- [Provided records]:

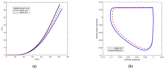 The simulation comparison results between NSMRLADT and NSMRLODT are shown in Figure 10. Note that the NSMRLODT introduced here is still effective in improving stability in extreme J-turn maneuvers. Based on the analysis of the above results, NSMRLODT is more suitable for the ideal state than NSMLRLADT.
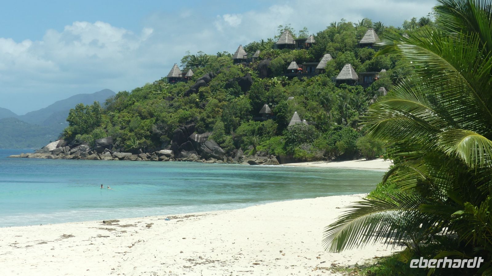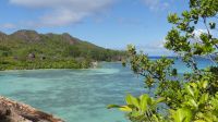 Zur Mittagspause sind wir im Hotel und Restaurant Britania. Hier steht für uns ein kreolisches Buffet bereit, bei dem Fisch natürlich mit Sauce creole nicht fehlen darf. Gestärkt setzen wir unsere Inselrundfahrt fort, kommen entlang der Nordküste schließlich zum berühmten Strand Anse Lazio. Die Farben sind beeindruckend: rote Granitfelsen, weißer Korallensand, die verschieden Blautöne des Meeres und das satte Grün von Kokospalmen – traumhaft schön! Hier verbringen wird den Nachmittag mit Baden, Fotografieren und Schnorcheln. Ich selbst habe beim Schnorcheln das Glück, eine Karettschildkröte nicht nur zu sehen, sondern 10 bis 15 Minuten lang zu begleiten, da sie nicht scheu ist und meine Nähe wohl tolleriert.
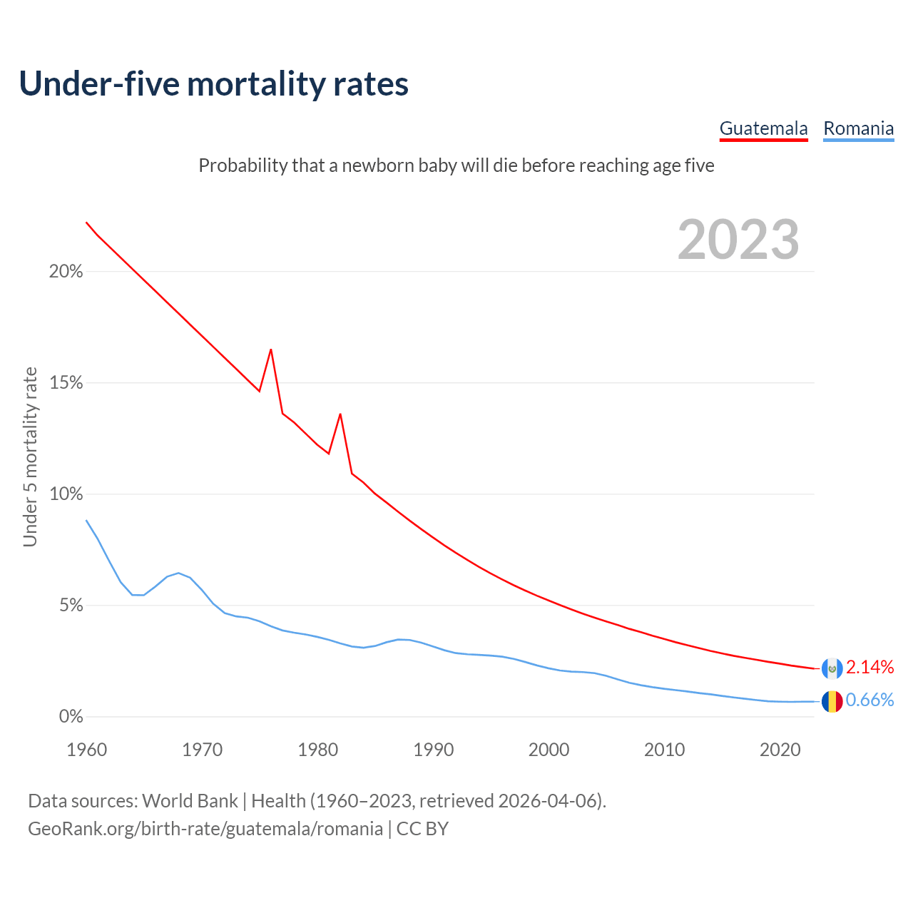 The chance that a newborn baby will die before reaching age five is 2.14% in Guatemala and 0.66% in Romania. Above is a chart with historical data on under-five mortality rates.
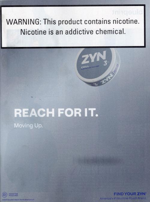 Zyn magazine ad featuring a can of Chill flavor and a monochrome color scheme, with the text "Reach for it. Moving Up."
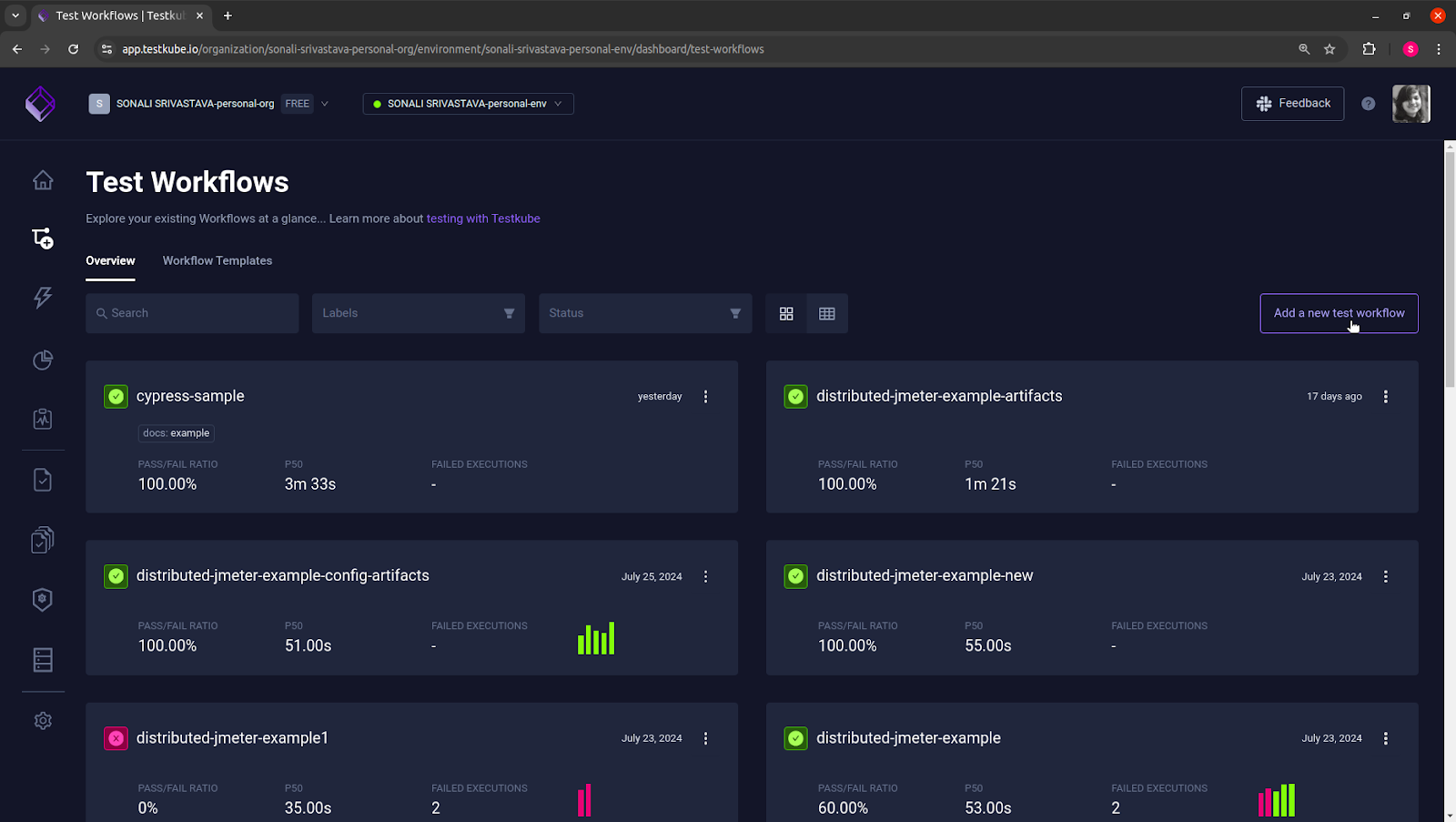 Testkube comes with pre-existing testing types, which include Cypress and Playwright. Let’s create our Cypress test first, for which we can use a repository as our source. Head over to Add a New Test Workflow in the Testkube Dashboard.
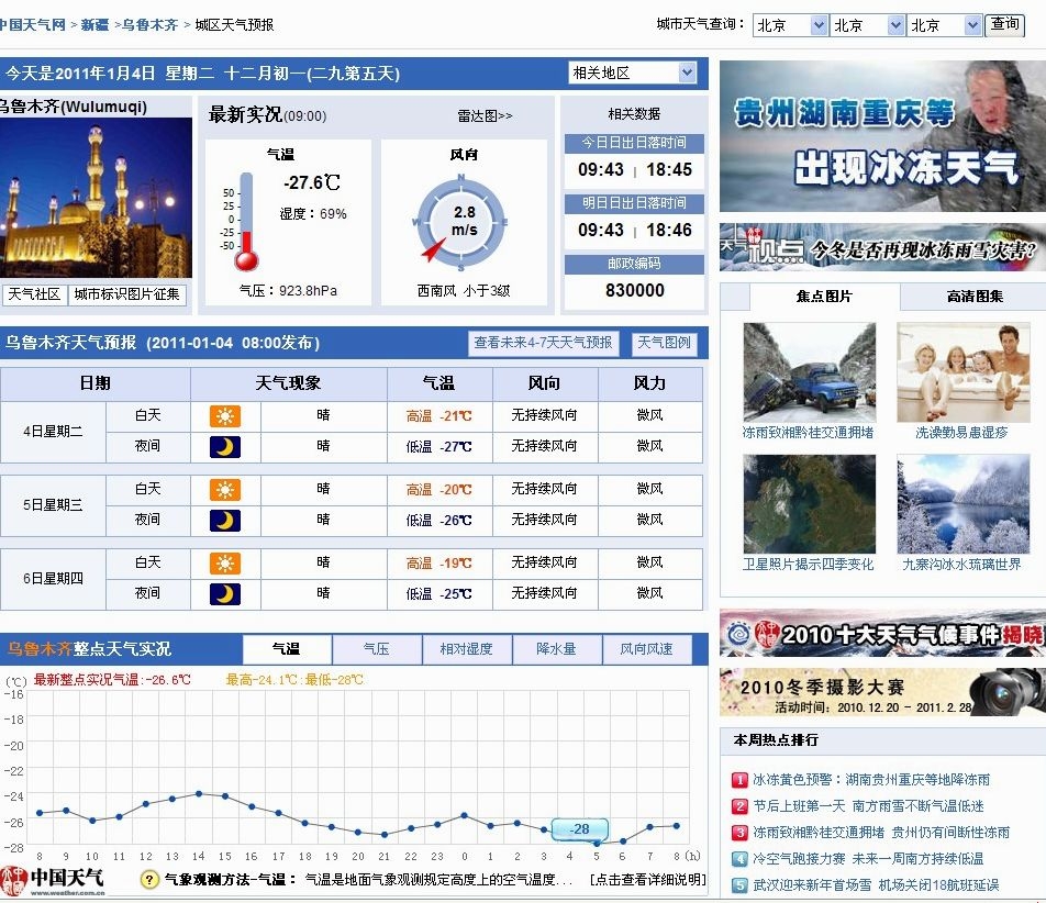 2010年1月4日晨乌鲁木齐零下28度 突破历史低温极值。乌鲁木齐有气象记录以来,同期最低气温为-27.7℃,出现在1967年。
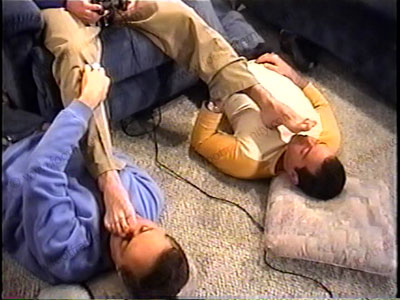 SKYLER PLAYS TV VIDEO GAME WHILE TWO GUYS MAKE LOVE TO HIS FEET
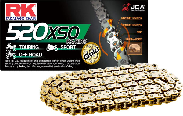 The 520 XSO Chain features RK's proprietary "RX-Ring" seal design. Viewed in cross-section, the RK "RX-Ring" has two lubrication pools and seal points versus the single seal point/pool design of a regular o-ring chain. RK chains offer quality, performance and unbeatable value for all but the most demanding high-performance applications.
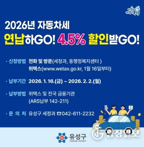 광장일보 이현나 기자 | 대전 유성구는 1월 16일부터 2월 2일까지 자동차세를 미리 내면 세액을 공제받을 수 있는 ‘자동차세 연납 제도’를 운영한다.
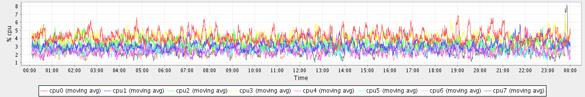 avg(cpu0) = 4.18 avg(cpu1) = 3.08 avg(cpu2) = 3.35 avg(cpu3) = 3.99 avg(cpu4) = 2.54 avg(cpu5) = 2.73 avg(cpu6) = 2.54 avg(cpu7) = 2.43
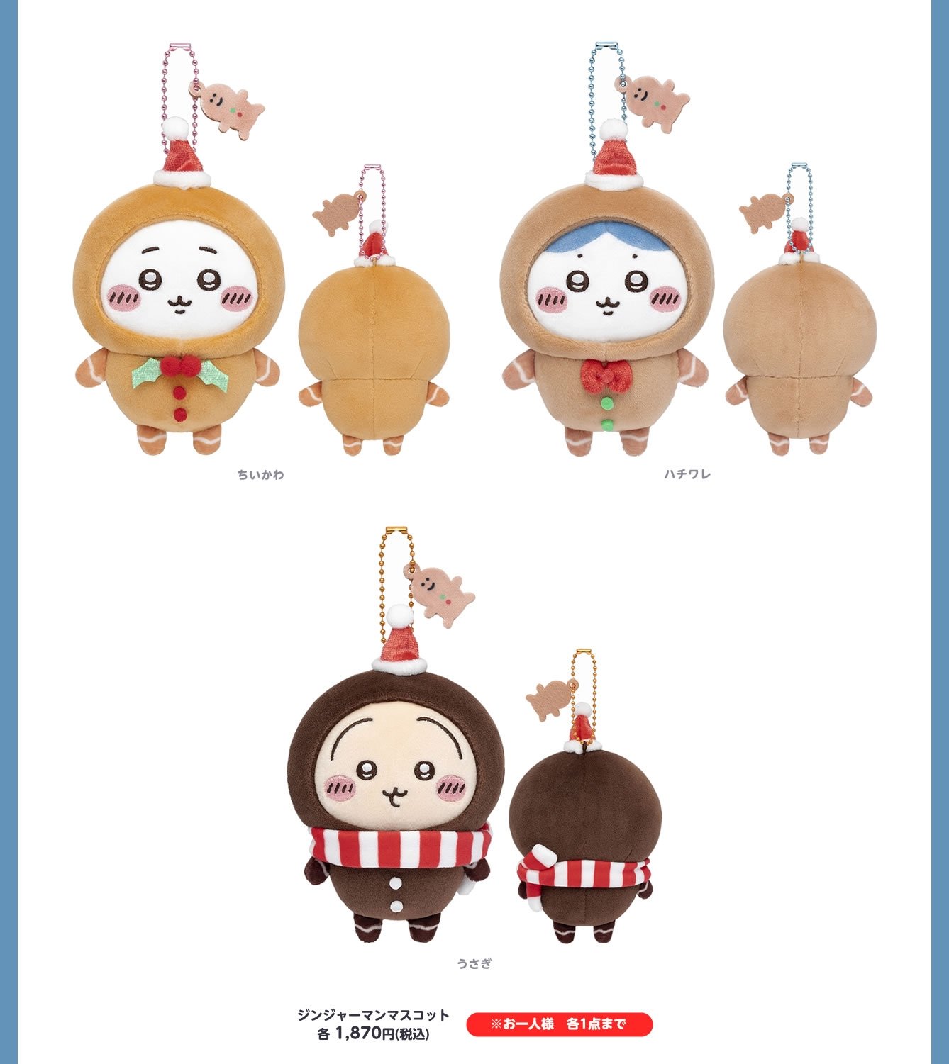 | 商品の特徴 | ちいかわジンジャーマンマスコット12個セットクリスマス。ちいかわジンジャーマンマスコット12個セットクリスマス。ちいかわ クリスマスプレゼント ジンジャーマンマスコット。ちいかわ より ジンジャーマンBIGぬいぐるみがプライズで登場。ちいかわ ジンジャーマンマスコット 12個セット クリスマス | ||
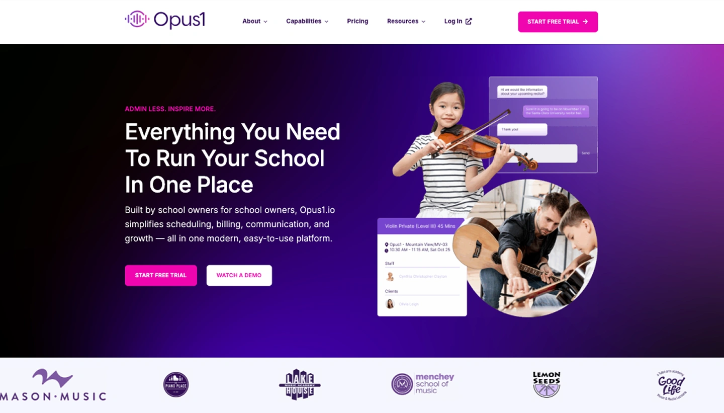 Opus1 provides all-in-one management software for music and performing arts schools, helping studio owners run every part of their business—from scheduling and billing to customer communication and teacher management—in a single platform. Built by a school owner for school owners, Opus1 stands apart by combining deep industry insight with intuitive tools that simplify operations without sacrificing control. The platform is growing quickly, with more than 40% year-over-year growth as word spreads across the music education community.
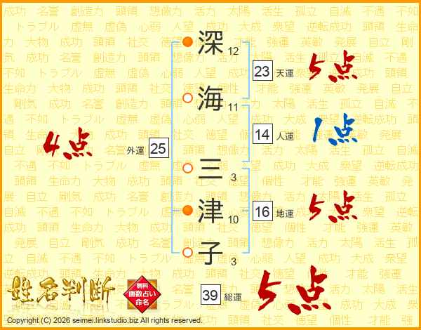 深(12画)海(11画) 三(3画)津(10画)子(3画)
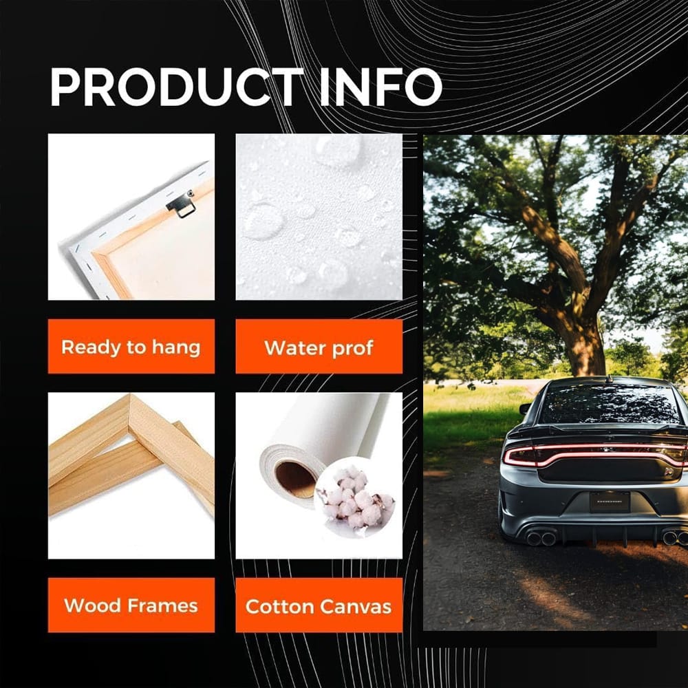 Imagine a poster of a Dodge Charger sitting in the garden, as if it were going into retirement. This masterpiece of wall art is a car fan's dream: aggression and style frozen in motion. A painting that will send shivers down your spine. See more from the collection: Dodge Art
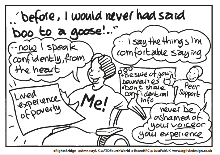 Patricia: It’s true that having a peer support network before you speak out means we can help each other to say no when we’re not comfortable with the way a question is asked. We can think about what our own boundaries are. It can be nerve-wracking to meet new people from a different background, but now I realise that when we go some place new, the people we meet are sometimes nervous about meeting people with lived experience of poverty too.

- [Task directions]:
Each line from the one containing "SKYLER PLAYS TV" down to the final line of the records above must be reproduced exactly; no pictures go into the copy.

- [Solution for this exercise]:
 SKYLER PLAYS TV VIDEO GAME WHILE TWO GUYS MAKE LOVE TO HIS FEET
 The 520 XSO Chain features RK's proprietary "RX-Ring" seal design. Viewed in cross-section, the RK "RX-Ring" has two lubrication pools and seal points versus the single seal point/pool design of a regular o-ring chain. RK chains offer quality, performance and unbeatable value for all but the most demanding high-performance applications.
 광장일보 이현나 기자 | 대전 유성구는 1월 16일부터 2월 2일까지 자동차세를 미리 내면 세액을 공제받을 수 있는 ‘자동차세 연납 제도’를 운영한다.
 avg(cpu0) = 4.18 avg(cpu1) = 3.08 avg(cpu2) = 3.35 avg(cpu3) = 3.99 avg(cpu4) = 2.54 avg(cpu5) = 2.73 avg(cpu6) = 2.54 avg(cpu7) = 2.43
 | 商品の特徴 | ちいかわジンジャーマンマスコット12個セットクリスマス。ちいかわジンジャーマンマスコット12個セットクリスマス。ちいかわ クリスマスプレゼント ジンジャーマンマスコット。ちいかわ より ジンジャーマンBIGぬいぐるみがプライズで登場。ちいかわ ジンジャーマンマスコット 12個セット クリスマス | ||
 Opus1 provides all-in-one management software for music and performing arts schools, helping studio owners run every part of their business—from scheduling and billing to customer communication and teacher management—in a single platform. Built by a school owner for school owners, Opus1 stands apart by combining deep industry insight with intuitive tools that simplify operations without sacrificing control. The platform is growing quickly, with more than 40% year-over-year growth as word spreads across the music education community.
 深(12画)海(11画) 三(3画)津(10画)子(3画)
 Imagine a poster of a Dodge Charger sitting in the garden, as if it were going into retirement. This masterpiece of wall art is a car fan's dream: aggression and style frozen in motion. A painting that will send shivers down your spine. See more from the collection: Dodge Art
 Patricia: It’s true that having a peer support network before you speak out means we can help each other to say no when we’re not comfortable with the way a question is asked. We can think about what our own boundaries are. It can be nerve-wracking to meet new people from a different background, but now I realise that when we go some place new, the people we meet are sometimes nervous about meeting people with lived experience of poverty too.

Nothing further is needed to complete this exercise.